The University of Melbourne
School of Computing and Information Systems COMP90038 Algorithms and Complexity
Assignment 1, Semester 2 2020
Released: Friday August 28 2020. Deadline: Sunday September 13 2020 23:59 This assignment is marked out of 30 and is worth 20% of your grade for COMP90038.
Ob jectives
To improve your understanding of the time complexity of algorithms and recurrence relations. To develop problem-solving and design skills. To improve written communication skills; in particular the ability to present algorithms clearly, precisely and unambiguously.
Scenario
In this assignment we will consider the following scenario. Suppose you have been tasked with writing some algorithms whose purpose is to manage event logs in a computer program. It is very common for programs to generate messages describing what is occurring during the program. These messages are called events, and are typically saved into one or more files called log files. Each such file is called an event log.
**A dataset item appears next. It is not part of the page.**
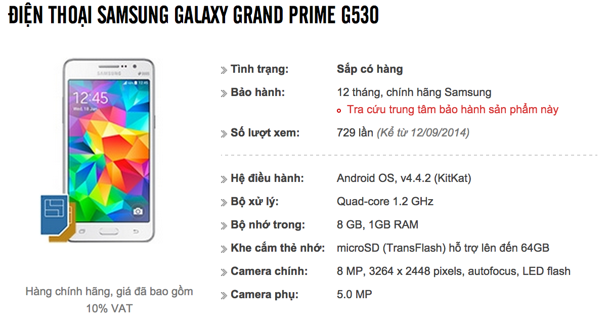 | Thông tin cơ bản về chiếc Grand Prime sắp lên kệ của Samsung. |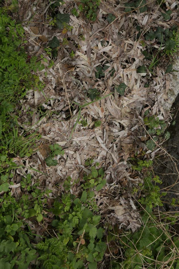 Feuilles, brindilles d’herbacées, bout de bois, plume (pigeon ?), bras de poupée.

As an example, the following is a sample of a few log messages relating to the wireless network adapter on my MacBook Pro that were generated in the minutes before I typed this sentence.
Mon Aug 24 14:21:35.791
Mon Aug 24 14:21:35.791
Mon Aug 24 14:21:35.791
Mon Aug 24 14:21:35.791
Mon Aug 24 14:21:35.791
Mon Aug 24 14:21:35.791
Mon Aug 24 14:21:35.791
Mon Aug 24 14:21:35.791
Mon Aug 24 14:21:35.791
Mon Aug 24 14:21:35.791
The content of these messages is not important. But notice that each message begins with a timestamp, indicating the date and time at which the log event was generated.
In certain applications, such as the Linux kernel, log events are stored in memory rather than being immediately written to a log file. We will consider a common data structure for storing such events, called a ring buffer (also known as a circular queue). Importantly, this data structure uses a fixed amount of memory. However it behaves like a queue: items are accessed in a first-in-first-out fashion.
Ring Buffer
The style of ring buffer we consider for this application is implemented as an array, in which log entries are stored. That is, each array element holds one log entry. A log entry includes a timestamp and a message. The array is of a fixed size C , which is called its capacity, and it is indexed from 0, . . . , C − 1.
1
A:
C: 14 readindex: 10 writeindex: 16
0 1 2 3 4 5 6 7 8 9 10 11 12 13
writeindex mod C readindex mod C
Figure 1: A graphical depiction of the ring buffer data structure. Shaded array elements represent data stored in the buffer, while white ones represent free space. Here the depicted ring buffer has capacity 14. 16 items have been written to the ring buffer in total so far, while 10 have been read, leaving 6 items remaining in the buffer to be read at present.
Read and Write Indices There are two index variables called the write index and the read index respectively. The write index is used to calculate the location that will be used to hold the next item that will be added to the ring buffer. The read index is used to calculate the index of the oldest item in the ring buffer, i.e. which item will be the first to be read from the buffer.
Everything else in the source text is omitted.